The Spark

the Voice of
The Communist League of Revolutionary Workers–Internationalist

“The emancipation of the working class will only be achieved by the working class itself.”
— Karl Marx

EDITORIAL
Trillions for Financial Parasites, Pennies for Our Safety

Aug 31, 2015

What has the government done to improve its ability to protect the population from natural disasters since Katrina? Very little. It just didn’t spend the money.

But over the same period, the government found trillions of dollars to hand over to the banks and other financial parasites that caused the economic crisis of 2008.

If New Orleans were to be hit by another strong hurricane, the same levees could give out or be bypassed. The same low-lying black working class areas, hard hit the first time and not well improved since then, could be inundated all over again. There still is no public transit which the population could use if it had to evacuate quickly. There isn’t more hospital space. In other words, a new natural disaster would quickly turn into another social catastrophe.
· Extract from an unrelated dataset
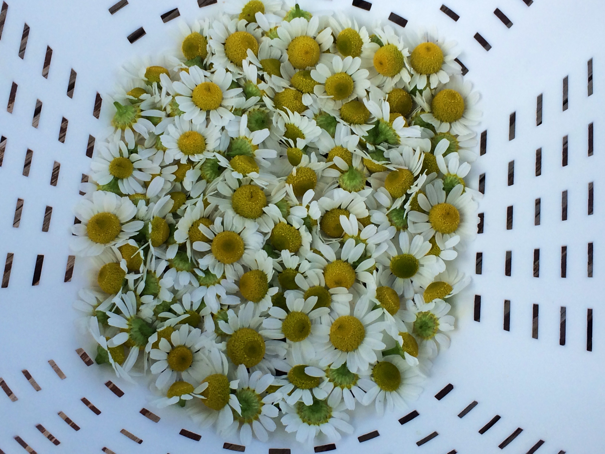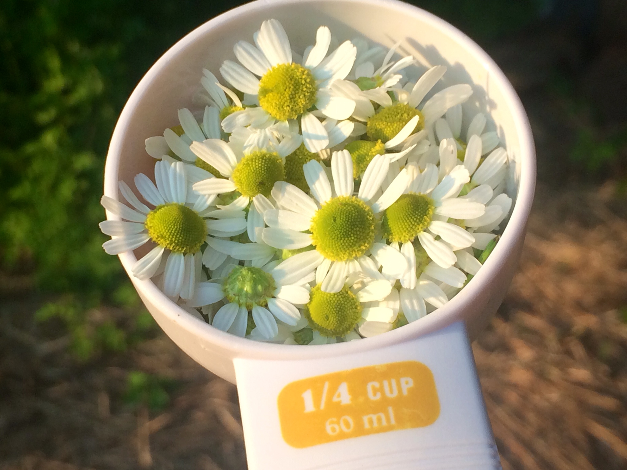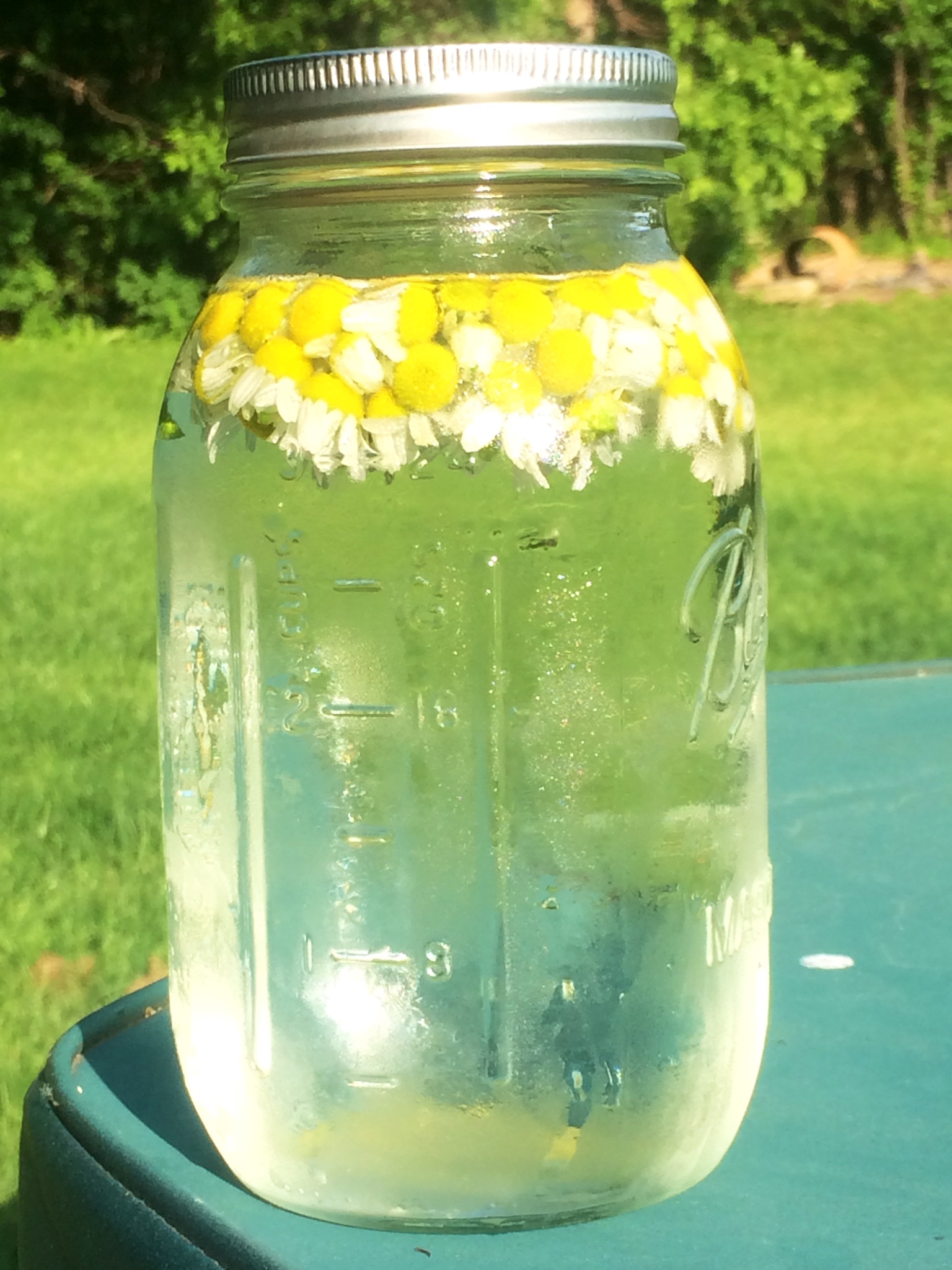 Along with my husband, I’ve made a conscious effort to cut sugary sodas and other drinks out of my diet. Although we’ll occasionally drink Sprite or ginger ale, for the most part we stick with water and tea. Water is the best thing we can drink, and it’s fun to flavor it to help meet hydration goals. We grow herbs that can be used to brew fresh teas such as nettle, lemon balm, and chamomile, and a couple weeks ago discovered the chamomile flowers can be used to flavor water in a cold infusion. Chamomile is easy to grow (in fact, you want to plant it somewhere you don’t mind it spreading), and the cold infusion is a snap to make.

And it’s not just New Orleans. The bridge over the Mississippi river that collapsed seven years ago killing 13 people was replaced by a bridge that is already deteriorating. It has concrete pillars beset by cracks, wide stretches of rust on metal works, a drainage pipe dangling from the understructure. The authorities tell us the replacement bridge won’t collapse, but neither did they predict the first collapse. In any case, there is one thing we do know: big companies construct bridges not to be as safe as possible, but to draw as much profits out of the construction contracts as possible.

All over the country, there are substandard bridges–one in nine is ranked “structurally deficient” today. Seventy-six billion dollars needs to be spent right now just to redo these bridges in critical shape before another one of them collapses. There are more than 4,000 critically deficient dams. The country has 100,000 miles of levees, touching all fifty states, and most of them have never even been inspected. No one even knows what risks of catastrophic flooding exist–but the population has lived through the results, not only in New Orleans, but all up and down the Mississippi and Ohio Rivers every spring. And just this past spring, a dam almost collapsed near Dallas, Texas, threatening hundreds of thousands of people.

Wastewater and storm drainage systems, roads, railroad crossings, public transit, drinking water–you name it, it needs fixing.

But while the government has let the infrastructure rot, it has found trillions to hand to the banks and big corporations. It found at least two trillion dollars to bail out the banks and speculators in just the first two years after the 2008 financial collapse. That’s trillion, with a “t.” That’s two thousand billion dollars given to those parasites. And since then, it has continued to hand them money in many different ways.

A small fraction of that money could have fixed every bridge and tunnel, every levee and water system in the country. It could have built roads and public transportation systems in many cities. And in doing so, it would have created jobs. But that’s not how capitalism works.

When the money of the financial parasites was threatened in 2008, the government found all that the banks could possibly want. For them, that was a real crisis because it threatened profits. And ever since then, the government has been pouring more money at those same banks, that same financial system.

But when Katrina killed 1800 people and destroyed a large section of a major city, the government couldn’t find the money to make sure it never happened again.

What kind of backward system is it that we live under? Capitalism has money to burn, but none to spend on what is necessary for the population.

Capitalism has always put the needs of the population after the need to amass profit. But everything in this world eventually grows old and gets more decrepit–and capitalism has long been one of those old decrepit things. Far past its prime, it should have been put into the grave long ago.